By Jiang Jiangwei (Xiaoxie), VP of Alibaba Group and Head of Smart Infrastructure Product Division.
It is now a common practice for enterprises to digitize and migrate their businesses to the cloud. 5G, industrial internet, artificial intelligence, and cloud computing are the primary constituents of the digital economy and will become the major components of China's new infrastructure. The cloud will bring revolutionary changes in research and development (R&D) and operations and maintenance (O&M) across IT departments. This article is based on the video of Jiang Jiangwei's speech, where he introduces Alibaba's internet-oriented and cloud-oriented R&D model.
E-commerce and cloud architectures have evolved along the same lines in order to achieve two goals. First, from the R&D perspective, the goal is to make system R&D methods like server R&D. For example, when adding a server for customer access, transaction, commodity, and user systems, we want to simply configure the IP address to launch the server and obtain its computing capabilities. Second, from the O&M perspective, we want to manage hundreds of thousands of servers just as a single server. Therefore, from both perspectives, we hope to use and manage several servers as a single server through the continuous evolution of R&D.

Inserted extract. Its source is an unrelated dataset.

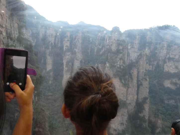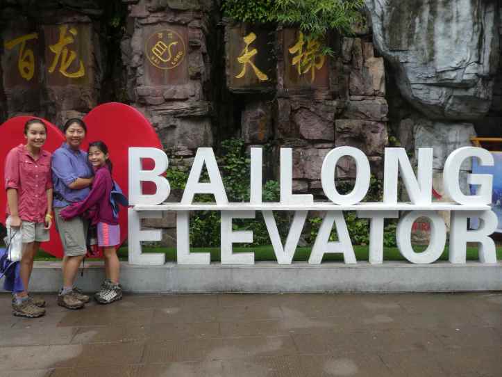 To beat the teeming masses, we dragged ourselves out of bed again extra early and headed for the park entrance — number 2 in the line again.  Some other travelers traded tips with us, preparing for our full day of no rain in the park.  Our anticipation built as the clock ticked down to 6:30AM.  We felt like race horses chomping at the bit.  The guard opened the gate and we swarmed through the metal detectors.  We went through the fingerprint machine and were on the first bus to Bailong Elevator.  Climbing over 325 meters in under two minutes makes it the tallest outside elevator in the world.

Now with cloud migration as an inevitable trend, developers have three basic concerns.
Resource budgets were often inaccurately evaluated. Especially when businesses were growing at a high speed, some may suddenly exceed estimated budgets, for example, due to advertising business growth. In this case, middleware resources are needed. If resource budgets are accurate, the O&M personnel or resource supply staff may provide resources according to the budget. However, resource budget cycles were measured in weeks, which was not a refined granularity. More resources are required when the resource budget is insufficient. The additional resource needs had to be evaluated, approved at each level of the company, and the purpose of the resource use needed to be explained. This created a great deal of difficulty for engineers.

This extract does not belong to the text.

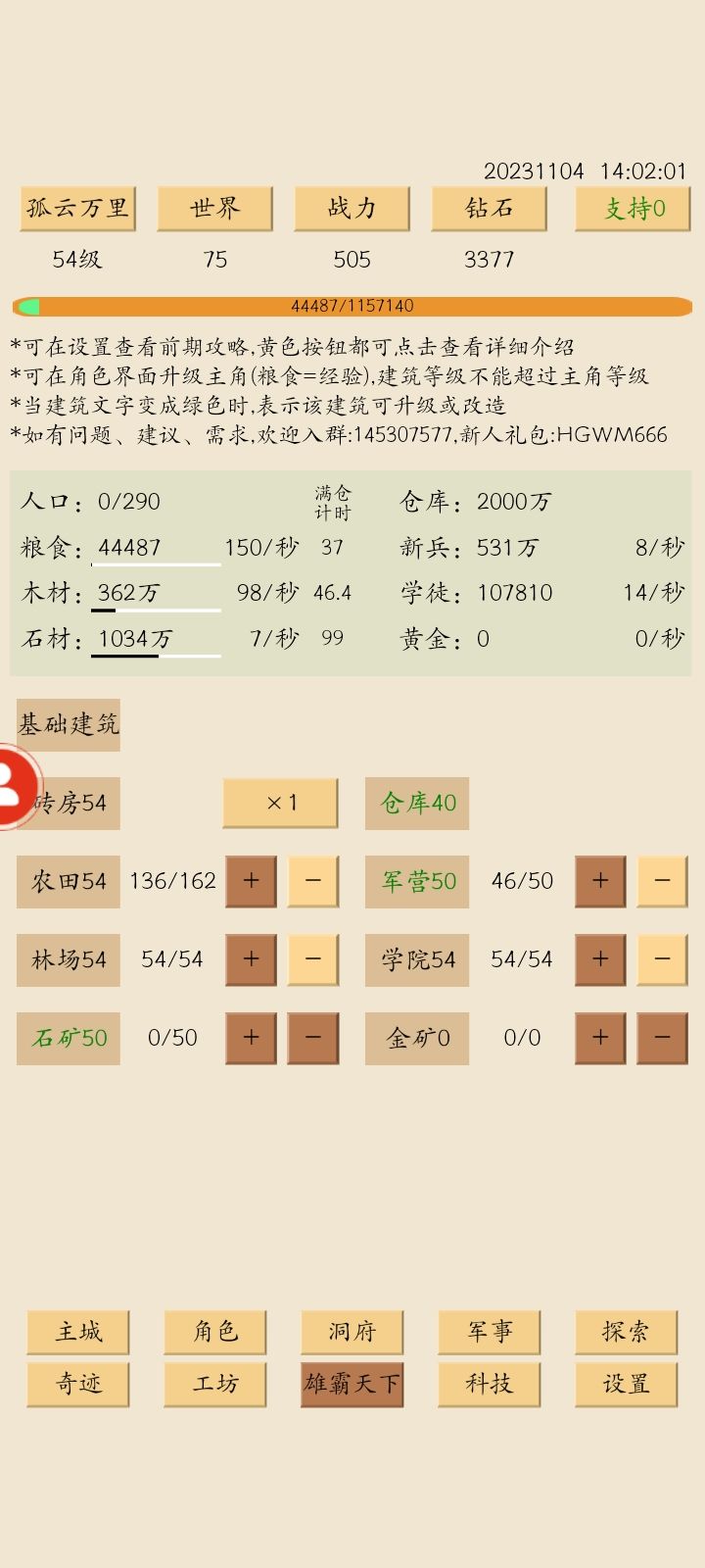 11.29 清完图五,开始规划之后的发展,等级依然是最优先项,朝着120级稳步推进。洞府开始提升有点慢,不急。军事招完钢背流浪继续平均升级兵种。科技先搞30采石,接下来一段时间内石需求会比较大,然后50农耕,不然120级改房子后岗位会不够。主城方面,房子先上100,农田等120级再补。 12.2 农耕40了,科技方面,把军训,安置,伐木补到30。等级117了,把晶石停了囤石头准备12改房子,顺便减

Inaccurate resource forecasts were the norm. Improper resource forecasting used to create problems that engineers must pay attention to while purchasing and using resources. In fact, resource utilization measured across different departments or applications was very low. For example, message-oriented middleware would lack resources due to the sudden increase in message usage by a service. However, the other systems might have a lot of resources at such times, so the overall system load would be very low, and it was difficult to allow resources to be used across systems. With no centralized resource scheduling capabilities, business departments could only manage and use their own resources. As a result, the overall online system resource utilization was low. However, due to the difficulty of recycling and borrowing resources, departments were unwilling to release resources to each other.

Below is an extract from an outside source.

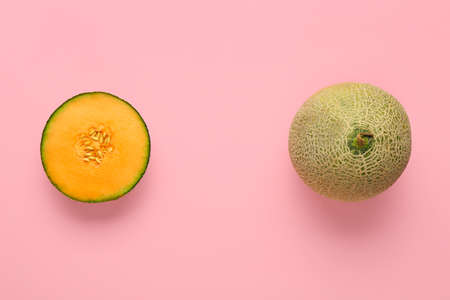 Exotic cantaloupe melon and slices on marigold coloured backdrop. Ripe tropical fruit background. Idea of spring summer season colour trend. Food photography. Flat lay, copy space.

Full containerization is a prerequisite for centralized resource scheduling. We hoped that different applications, systems, middleware, and caches could run in containers to make centralized resource scheduling possible. After resource pools are merged, all resources get allocated and scheduled through the resource pool. Full containerization and resource pool merging allowed centralized scheduling of global resources. This solved the problem of resource sharing among different business units and improved resource and inventory utilization. Different business units, such as transaction, search, and cross-industry businesses, have different peak values and times. Therefore, merging the resource pool allowed us to provide ample resources. This solution is advantageous because centralized resource scheduling is preferable to the full use of resources by a business unit through the systems, machines, and code optimization.
Centralized resource scheduling reduces O&M costs and improves delivery efficiency and operational stability. Given that the resource scheduling methods are the same, investment in the R&D or O&M of centralized resource scheduling not only makes scheduling products more convenient and commercial but also reduces the need to invest in human resources. Containerization and centralized resource scheduling have gradually become dominant trends in industry evolution.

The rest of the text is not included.